Но все это, конечно же, возвращает нас к проблеме, которую вы неоспоримо и трогательно упомянули пару мгновений назад: откуда кто бы то ни было может что-либо знать? Ибо пусть даже не пишущий писатель, не берущий в руки кисти художник, погруженный в молчание композитор — величайшие фигуры в силу того, что не унизились до актуализации; но факт остается фактом — работа всей жизни рискует остаться непризнанной, неузнанной в силу того, что она останется сокрыта. Так что же делать? Как вам известно, саму идею гениальности придумал Джорджо Вазари, большой любитель сплетен, человек умный и способный на удивительно и исключительно верные суждения. Вазари взял в качестве примера гения Микеланджело — и кто может его за это винить? Но среди историй о противостоянии между гением и его milieu (неподатливость материала, трудности его собственной натуры, тупость покровителей) есть один блистательный многозначительный момент, который заставляет задуматься. Пьеро де Медичи, сын более знаменитого Лоренцо, как-то раз, вскоре после на редкость сильного снегопада во Флоренции, городе, чей климат значительно более изменчив, чем можно было бы предположить, пригласил великого скульптора к себе, чтобы слепить снеговика.
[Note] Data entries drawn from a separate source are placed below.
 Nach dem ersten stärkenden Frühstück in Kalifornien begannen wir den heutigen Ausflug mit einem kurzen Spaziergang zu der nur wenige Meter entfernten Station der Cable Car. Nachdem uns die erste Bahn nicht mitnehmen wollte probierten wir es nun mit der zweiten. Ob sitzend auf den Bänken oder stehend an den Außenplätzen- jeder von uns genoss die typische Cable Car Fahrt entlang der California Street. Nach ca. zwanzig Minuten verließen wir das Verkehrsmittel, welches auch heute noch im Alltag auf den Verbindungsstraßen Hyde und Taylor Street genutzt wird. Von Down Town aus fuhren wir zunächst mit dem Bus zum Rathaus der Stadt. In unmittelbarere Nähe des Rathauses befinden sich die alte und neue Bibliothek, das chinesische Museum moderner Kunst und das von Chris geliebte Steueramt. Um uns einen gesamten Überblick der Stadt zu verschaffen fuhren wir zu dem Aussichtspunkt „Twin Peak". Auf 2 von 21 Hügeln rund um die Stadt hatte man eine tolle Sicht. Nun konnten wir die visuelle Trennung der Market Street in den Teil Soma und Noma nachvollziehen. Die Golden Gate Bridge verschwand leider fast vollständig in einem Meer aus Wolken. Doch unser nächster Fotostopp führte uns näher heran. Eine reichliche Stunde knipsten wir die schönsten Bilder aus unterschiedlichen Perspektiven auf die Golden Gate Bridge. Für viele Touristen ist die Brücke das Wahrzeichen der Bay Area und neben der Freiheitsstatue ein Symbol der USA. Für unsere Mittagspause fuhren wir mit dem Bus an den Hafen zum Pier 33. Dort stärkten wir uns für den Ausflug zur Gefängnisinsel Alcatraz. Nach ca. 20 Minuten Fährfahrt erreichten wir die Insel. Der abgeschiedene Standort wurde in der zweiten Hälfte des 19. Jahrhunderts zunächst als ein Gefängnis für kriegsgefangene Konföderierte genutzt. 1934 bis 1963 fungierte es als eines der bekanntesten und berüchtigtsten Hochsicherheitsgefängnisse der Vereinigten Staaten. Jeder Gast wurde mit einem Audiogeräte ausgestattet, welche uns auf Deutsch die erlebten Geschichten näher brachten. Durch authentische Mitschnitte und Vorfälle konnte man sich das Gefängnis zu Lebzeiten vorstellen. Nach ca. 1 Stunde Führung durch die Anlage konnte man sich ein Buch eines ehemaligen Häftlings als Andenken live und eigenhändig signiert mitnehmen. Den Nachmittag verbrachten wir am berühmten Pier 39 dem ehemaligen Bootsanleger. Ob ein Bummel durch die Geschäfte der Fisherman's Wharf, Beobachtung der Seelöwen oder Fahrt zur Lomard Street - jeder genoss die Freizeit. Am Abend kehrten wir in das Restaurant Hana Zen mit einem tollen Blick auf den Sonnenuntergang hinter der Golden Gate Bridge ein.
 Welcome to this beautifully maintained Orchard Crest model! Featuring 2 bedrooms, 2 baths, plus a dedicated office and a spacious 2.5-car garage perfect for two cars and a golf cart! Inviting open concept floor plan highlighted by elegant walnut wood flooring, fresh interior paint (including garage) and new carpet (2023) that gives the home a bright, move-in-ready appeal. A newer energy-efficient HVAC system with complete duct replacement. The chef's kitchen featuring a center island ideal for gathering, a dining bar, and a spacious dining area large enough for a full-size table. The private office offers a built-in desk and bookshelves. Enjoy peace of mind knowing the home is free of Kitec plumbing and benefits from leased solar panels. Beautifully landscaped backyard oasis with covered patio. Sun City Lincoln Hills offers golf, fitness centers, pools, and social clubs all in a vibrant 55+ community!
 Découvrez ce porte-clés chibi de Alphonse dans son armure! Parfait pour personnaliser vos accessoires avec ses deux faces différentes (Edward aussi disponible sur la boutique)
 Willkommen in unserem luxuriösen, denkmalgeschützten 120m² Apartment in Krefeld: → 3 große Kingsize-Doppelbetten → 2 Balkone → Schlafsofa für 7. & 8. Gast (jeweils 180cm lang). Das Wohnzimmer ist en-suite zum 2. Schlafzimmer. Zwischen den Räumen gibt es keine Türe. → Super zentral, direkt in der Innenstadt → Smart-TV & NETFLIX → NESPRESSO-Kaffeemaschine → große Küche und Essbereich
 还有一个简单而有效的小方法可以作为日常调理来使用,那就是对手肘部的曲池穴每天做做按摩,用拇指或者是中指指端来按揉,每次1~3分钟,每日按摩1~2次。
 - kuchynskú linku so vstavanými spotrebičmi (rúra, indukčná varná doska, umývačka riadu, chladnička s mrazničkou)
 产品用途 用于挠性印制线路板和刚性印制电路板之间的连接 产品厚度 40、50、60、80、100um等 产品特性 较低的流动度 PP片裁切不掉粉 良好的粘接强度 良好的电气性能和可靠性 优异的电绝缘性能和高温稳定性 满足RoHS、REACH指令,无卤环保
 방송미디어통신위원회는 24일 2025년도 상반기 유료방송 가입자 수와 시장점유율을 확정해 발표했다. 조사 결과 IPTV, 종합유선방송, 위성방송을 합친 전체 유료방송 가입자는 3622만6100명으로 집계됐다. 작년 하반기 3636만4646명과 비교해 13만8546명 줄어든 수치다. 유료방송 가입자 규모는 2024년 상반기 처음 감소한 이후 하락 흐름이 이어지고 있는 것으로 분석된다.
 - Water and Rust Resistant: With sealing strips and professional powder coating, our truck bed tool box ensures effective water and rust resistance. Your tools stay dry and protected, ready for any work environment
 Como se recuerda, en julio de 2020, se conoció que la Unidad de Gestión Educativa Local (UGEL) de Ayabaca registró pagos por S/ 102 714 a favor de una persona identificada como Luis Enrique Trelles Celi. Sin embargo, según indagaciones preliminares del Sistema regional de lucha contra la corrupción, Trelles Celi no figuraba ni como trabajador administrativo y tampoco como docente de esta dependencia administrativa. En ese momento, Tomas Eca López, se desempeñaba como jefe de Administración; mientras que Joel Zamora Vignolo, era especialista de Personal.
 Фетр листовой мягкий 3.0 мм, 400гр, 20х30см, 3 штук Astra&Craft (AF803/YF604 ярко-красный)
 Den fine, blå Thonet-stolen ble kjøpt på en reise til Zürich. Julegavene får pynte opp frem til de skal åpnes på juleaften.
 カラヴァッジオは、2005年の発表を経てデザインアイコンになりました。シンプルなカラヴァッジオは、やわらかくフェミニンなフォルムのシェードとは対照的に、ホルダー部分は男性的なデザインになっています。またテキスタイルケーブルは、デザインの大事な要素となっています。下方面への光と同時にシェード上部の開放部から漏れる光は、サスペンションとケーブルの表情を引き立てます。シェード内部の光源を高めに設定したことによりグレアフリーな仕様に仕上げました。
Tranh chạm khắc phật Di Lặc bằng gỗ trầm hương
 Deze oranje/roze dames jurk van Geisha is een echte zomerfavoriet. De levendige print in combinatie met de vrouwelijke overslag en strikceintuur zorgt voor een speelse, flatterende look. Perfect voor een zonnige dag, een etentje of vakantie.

Нам не известно ничего, кроме того что его произведение было «очень красивым», — но кто смог бы усомниться в его всепоглощающем, исключительном совершенстве, опиши его другой автор как «лучшего снеговика в истории»? Возможно эта, наименее долговечная, самая мимолетная преходящая из работ Буонаротги взывает к нашей собственной быстротечности и эфемерности. Короче говоря, возможно, этого снеговика можно с уверенностью (хоть это и весьма дерзко) рассматривать как величайшее творение Микеланджело.

Но откуда мы знаем об этом шедевре? Я вам отвечу: мы бы ничего не узнали об этом chef d'oeuvre, если бы не свидетельство Вазари. Биограф, собиратель исторических анекдотов здесь выступает как соратник художника, как существенный (неотъемлемый) компонент, необходимый для передачи произведения последующим поколениям, публике. И в этом, по сути, и заключается ответ на ваш вопрос: откуда мы знаем? Мы знаем, потому что нам рассказывают, потому что существует свидетель — «и лишь я один спасся, чтобы поведать тебе»; потому что художник не идет на компромисс, он твердо намерен не нарушать своего молчания, и в то же время его проект во всей полноте донесен до аудитории. Другими словами, произведение существует благодаря свидетелю, личность свидетеля является определяющим фактором для искусства высочайшего порядка, для произведения, чье существование совершенно, идеально, безупречно, — то есть произведения, существующего только в умах художника и его соратника, свидетеля. Однажды осознав все это, я понял, что мое собственное произведение, произведение, чей смутный образ впервые посетил меня в этом саду, — произведение, состоящее в его собственном замысле, — нуждается в соратнике, апостоле, свидетеле. И именно такого партнера, компаньона, евангелиста я и разыскивал с тех самых пор. А сейчас отбросим на мгновение все игры и напускное равнодушие, ведь мы оба начинаем подозревать, что я, возможно, теперь его наконец обрел.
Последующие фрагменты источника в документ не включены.